— TASK PROMPT —
Nothing but the lines below from the one that contains "- 7″, 800×480 TFT with 4-wire touch panel" through the one that contains "LevitonĀ® Toggle Wallplate, 5-Gang, Standard" should be retyped, exactly and including both ends. Do not include pictures.

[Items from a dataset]
---

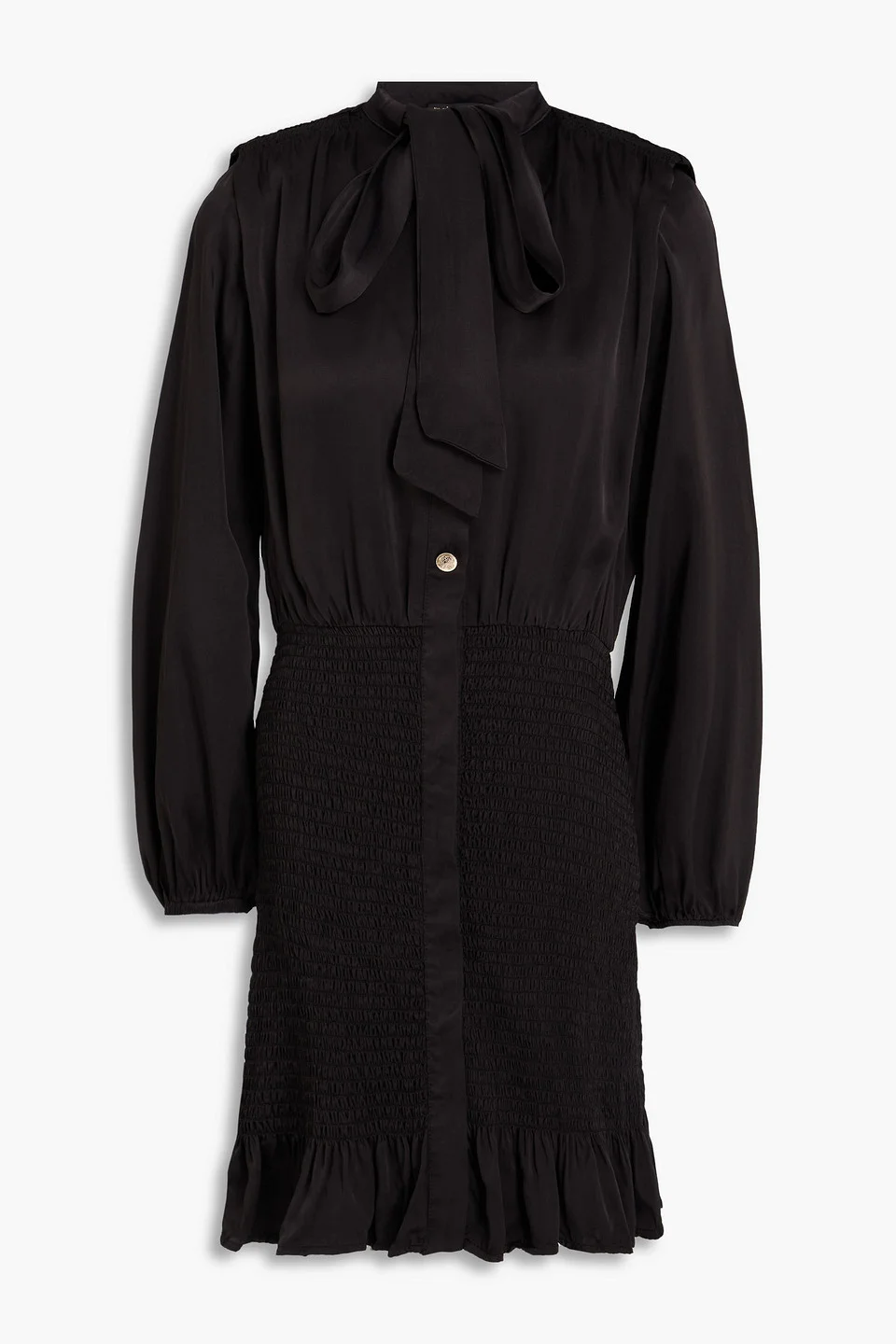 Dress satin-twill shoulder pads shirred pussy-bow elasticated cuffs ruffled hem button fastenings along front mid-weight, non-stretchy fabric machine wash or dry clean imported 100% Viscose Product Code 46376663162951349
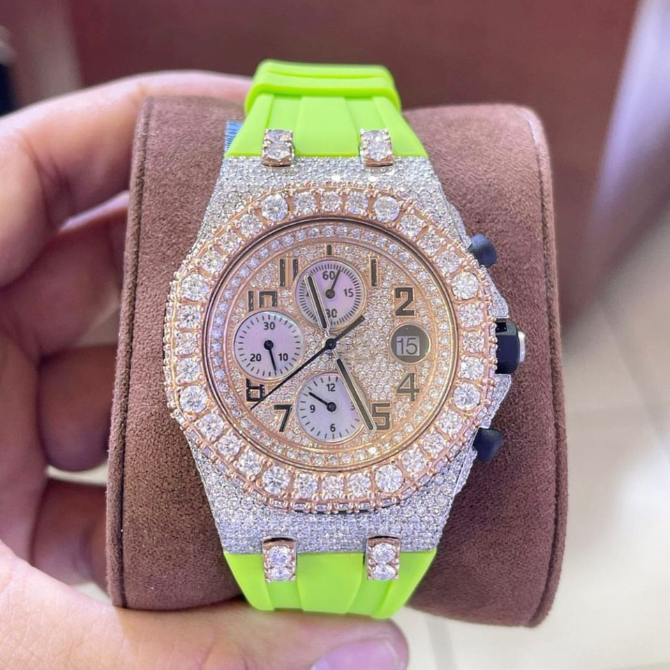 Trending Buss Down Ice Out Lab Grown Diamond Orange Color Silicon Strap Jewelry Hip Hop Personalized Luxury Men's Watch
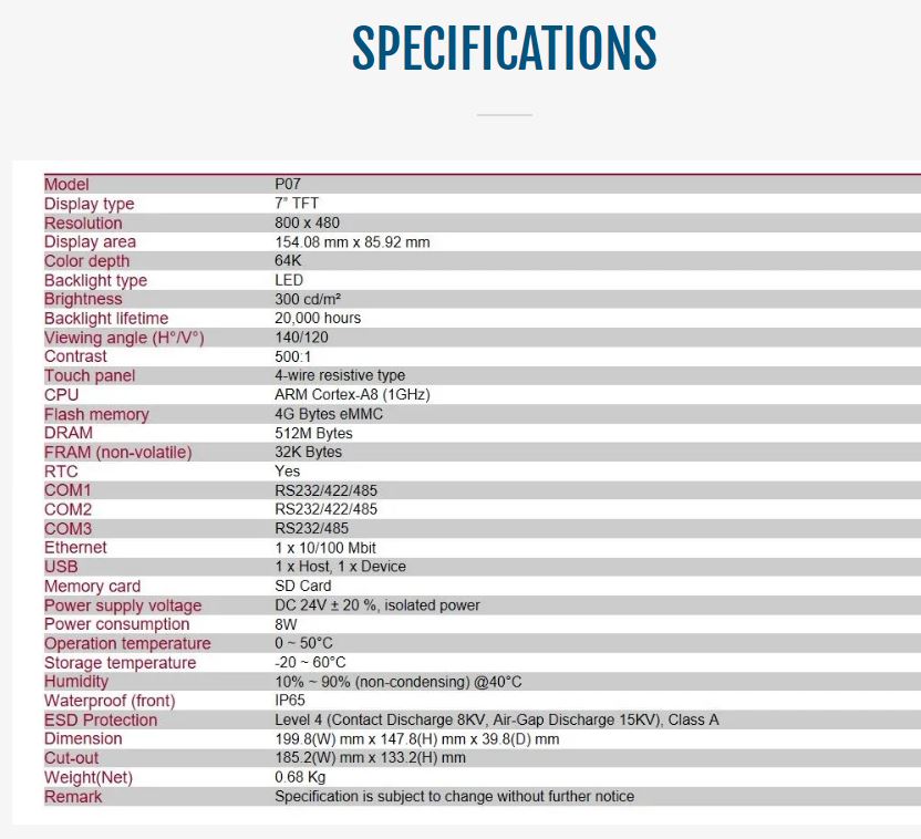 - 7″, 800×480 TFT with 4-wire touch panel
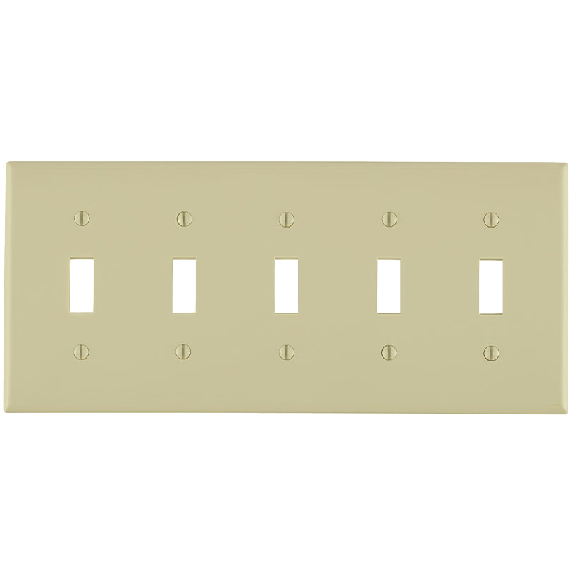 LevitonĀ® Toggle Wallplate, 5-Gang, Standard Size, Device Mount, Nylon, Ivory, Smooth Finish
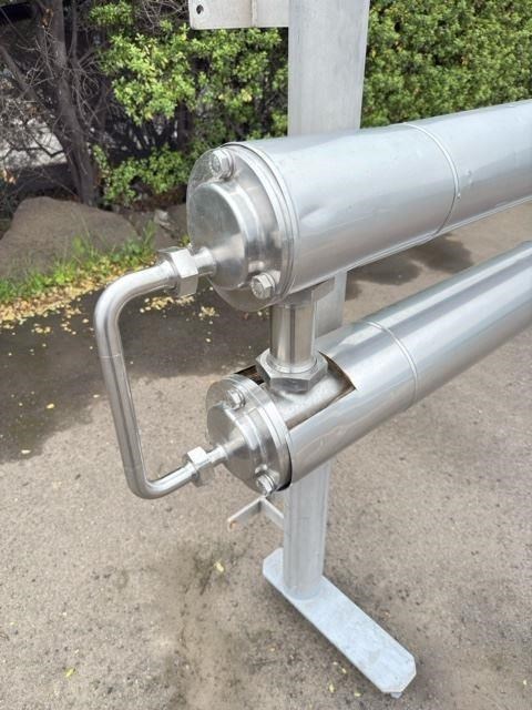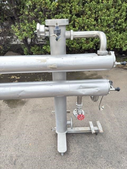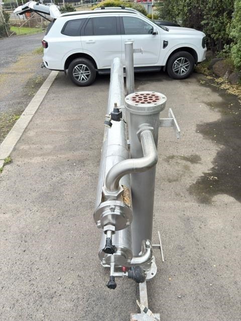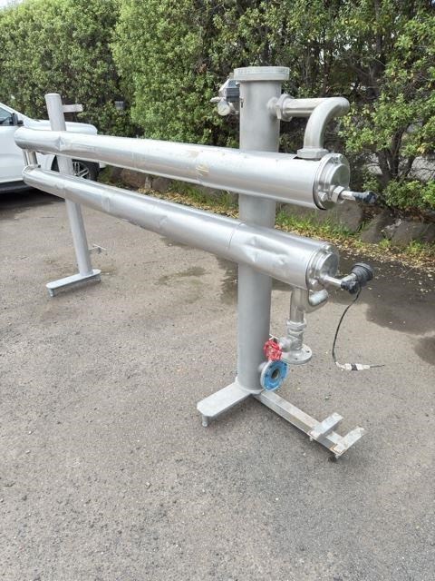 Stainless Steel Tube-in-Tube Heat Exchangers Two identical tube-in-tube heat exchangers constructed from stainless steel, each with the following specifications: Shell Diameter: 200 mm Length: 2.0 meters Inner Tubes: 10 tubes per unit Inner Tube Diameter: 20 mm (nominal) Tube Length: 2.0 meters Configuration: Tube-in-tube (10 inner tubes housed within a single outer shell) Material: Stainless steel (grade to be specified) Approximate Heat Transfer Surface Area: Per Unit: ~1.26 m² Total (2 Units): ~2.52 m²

---

— ANSWER TO THIS TASK —
 - 7″, 800×480 TFT with 4-wire touch panel
 LevitonĀ® Toggle Wallplate, 5-Gang, Standard Size, Device Mount, Nylon, Ivory, Smooth Finish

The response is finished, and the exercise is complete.